WHAT IS BEING ASKED:
Using the listing below, please print exactly the lines from the one with "W 2013 roku" through the one with "VARIOUS More American". Leave out every picture.
--- PROVIDED INFORMATION Enclosed Below ---
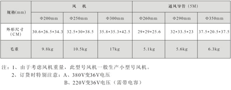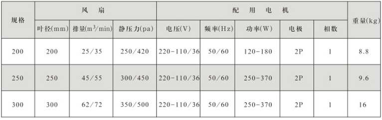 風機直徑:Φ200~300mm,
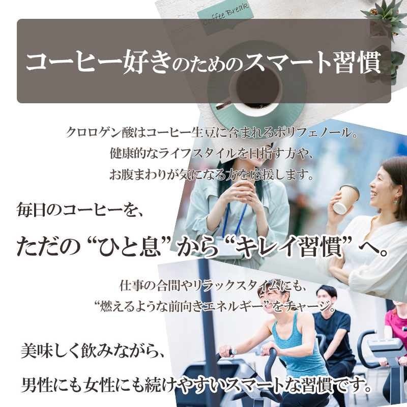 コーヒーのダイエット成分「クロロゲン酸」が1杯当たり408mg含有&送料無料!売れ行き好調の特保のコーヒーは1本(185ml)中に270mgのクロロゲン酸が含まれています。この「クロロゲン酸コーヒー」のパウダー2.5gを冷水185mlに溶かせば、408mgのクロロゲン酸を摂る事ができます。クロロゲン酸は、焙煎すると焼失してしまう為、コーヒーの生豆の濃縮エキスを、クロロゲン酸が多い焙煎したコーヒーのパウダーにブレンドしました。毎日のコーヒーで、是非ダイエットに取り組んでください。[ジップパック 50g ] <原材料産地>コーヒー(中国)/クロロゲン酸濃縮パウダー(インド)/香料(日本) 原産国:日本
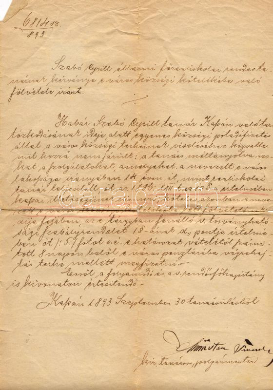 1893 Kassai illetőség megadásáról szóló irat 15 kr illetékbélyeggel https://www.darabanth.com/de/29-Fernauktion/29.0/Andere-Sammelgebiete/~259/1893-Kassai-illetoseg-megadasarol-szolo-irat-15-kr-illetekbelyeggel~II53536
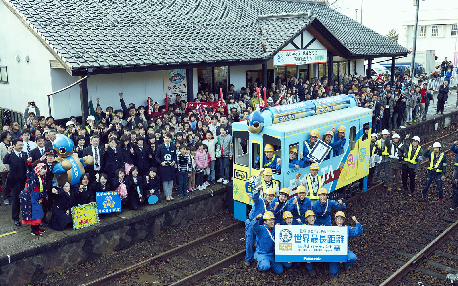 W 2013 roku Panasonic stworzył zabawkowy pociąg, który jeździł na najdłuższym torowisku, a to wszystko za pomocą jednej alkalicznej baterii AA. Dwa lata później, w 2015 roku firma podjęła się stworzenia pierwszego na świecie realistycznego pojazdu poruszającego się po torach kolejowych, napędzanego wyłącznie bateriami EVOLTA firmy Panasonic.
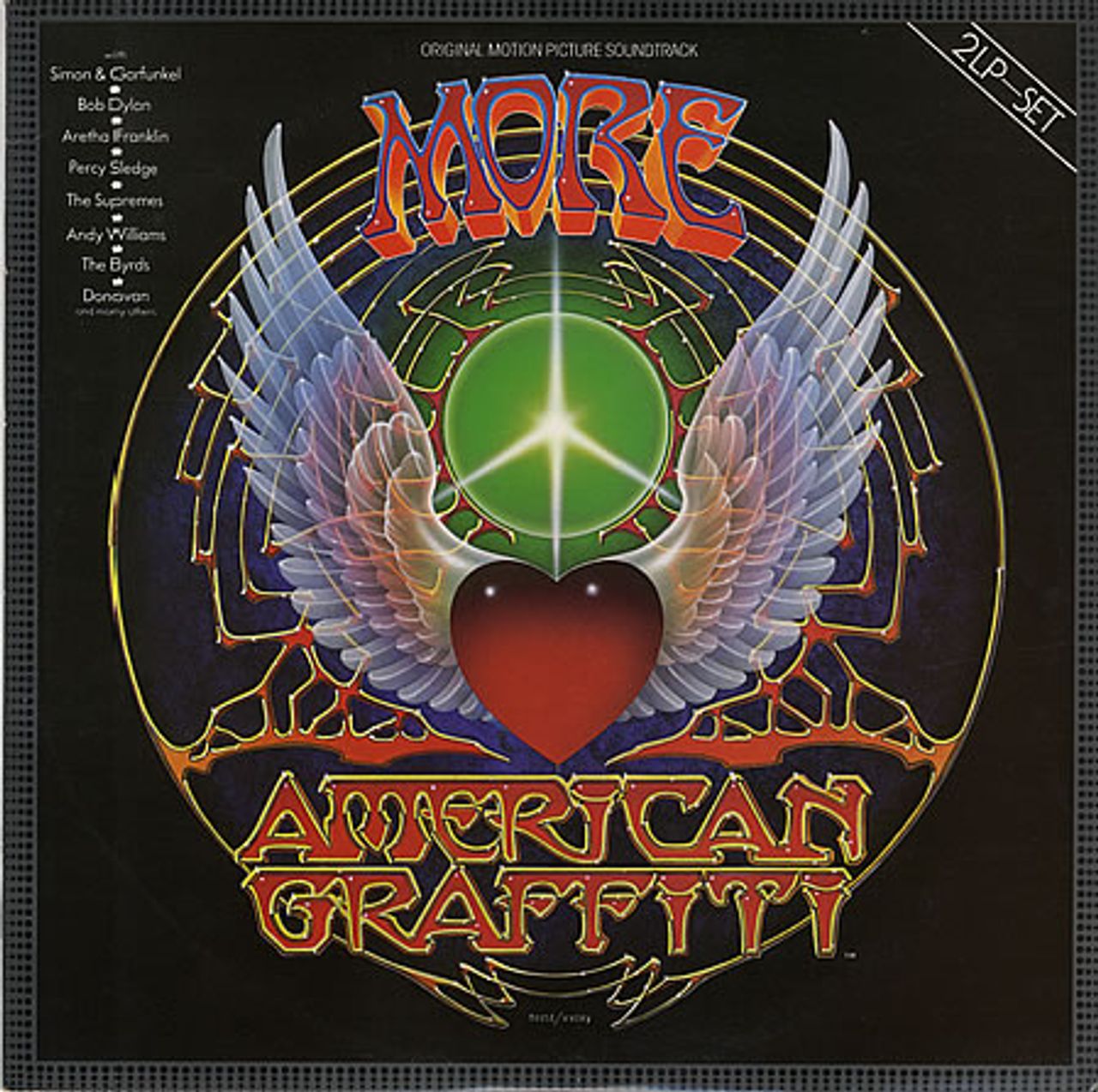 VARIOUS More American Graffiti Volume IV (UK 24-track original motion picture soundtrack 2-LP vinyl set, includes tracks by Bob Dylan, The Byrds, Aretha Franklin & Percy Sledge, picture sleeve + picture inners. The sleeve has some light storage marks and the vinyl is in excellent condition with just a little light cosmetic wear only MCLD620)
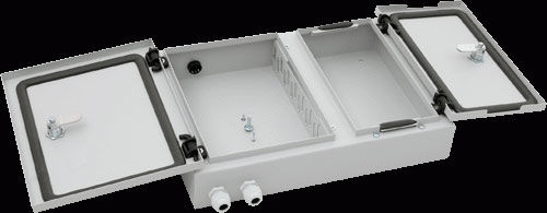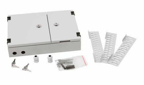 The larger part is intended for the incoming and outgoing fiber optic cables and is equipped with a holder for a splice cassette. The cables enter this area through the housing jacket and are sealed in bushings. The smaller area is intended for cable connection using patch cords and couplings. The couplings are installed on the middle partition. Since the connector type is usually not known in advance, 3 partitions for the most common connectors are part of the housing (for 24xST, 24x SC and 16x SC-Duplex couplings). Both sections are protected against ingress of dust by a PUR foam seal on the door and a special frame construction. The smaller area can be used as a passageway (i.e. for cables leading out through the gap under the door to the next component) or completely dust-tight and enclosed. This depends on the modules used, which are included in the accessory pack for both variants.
--- End of Enclosed PROVIDED INFORMATION ---
--- PROVIDED INFORMATION Enclosed Below ---
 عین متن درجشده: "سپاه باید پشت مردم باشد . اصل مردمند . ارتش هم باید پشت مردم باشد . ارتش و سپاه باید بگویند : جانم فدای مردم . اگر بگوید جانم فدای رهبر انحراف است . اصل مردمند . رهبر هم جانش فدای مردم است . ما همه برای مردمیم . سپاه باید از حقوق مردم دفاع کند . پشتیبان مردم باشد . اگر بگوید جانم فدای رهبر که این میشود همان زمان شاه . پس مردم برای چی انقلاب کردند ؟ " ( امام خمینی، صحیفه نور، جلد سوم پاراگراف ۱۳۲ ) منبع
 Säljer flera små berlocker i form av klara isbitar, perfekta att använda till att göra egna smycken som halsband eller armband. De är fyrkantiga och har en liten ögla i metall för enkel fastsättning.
--- End of Enclosed PROVIDED INFORMATION ---
EXERCISE SOLUTION:
 W 2013 roku Panasonic stworzył zabawkowy pociąg, który jeździł na najdłuższym torowisku, a to wszystko za pomocą jednej alkalicznej baterii AA. Dwa lata później, w 2015 roku firma podjęła się stworzenia pierwszego na świecie realistycznego pojazdu poruszającego się po torach kolejowych, napędzanego wyłącznie bateriami EVOLTA firmy Panasonic.
 VARIOUS More American Graffiti Volume IV (UK 24-track original motion picture soundtrack 2-LP vinyl set, includes tracks by Bob Dylan, The Byrds, Aretha Franklin & Percy Sledge, picture sleeve + picture inners. The sleeve has some light storage marks and the vinyl is in excellent condition with just a little light cosmetic wear only MCLD620)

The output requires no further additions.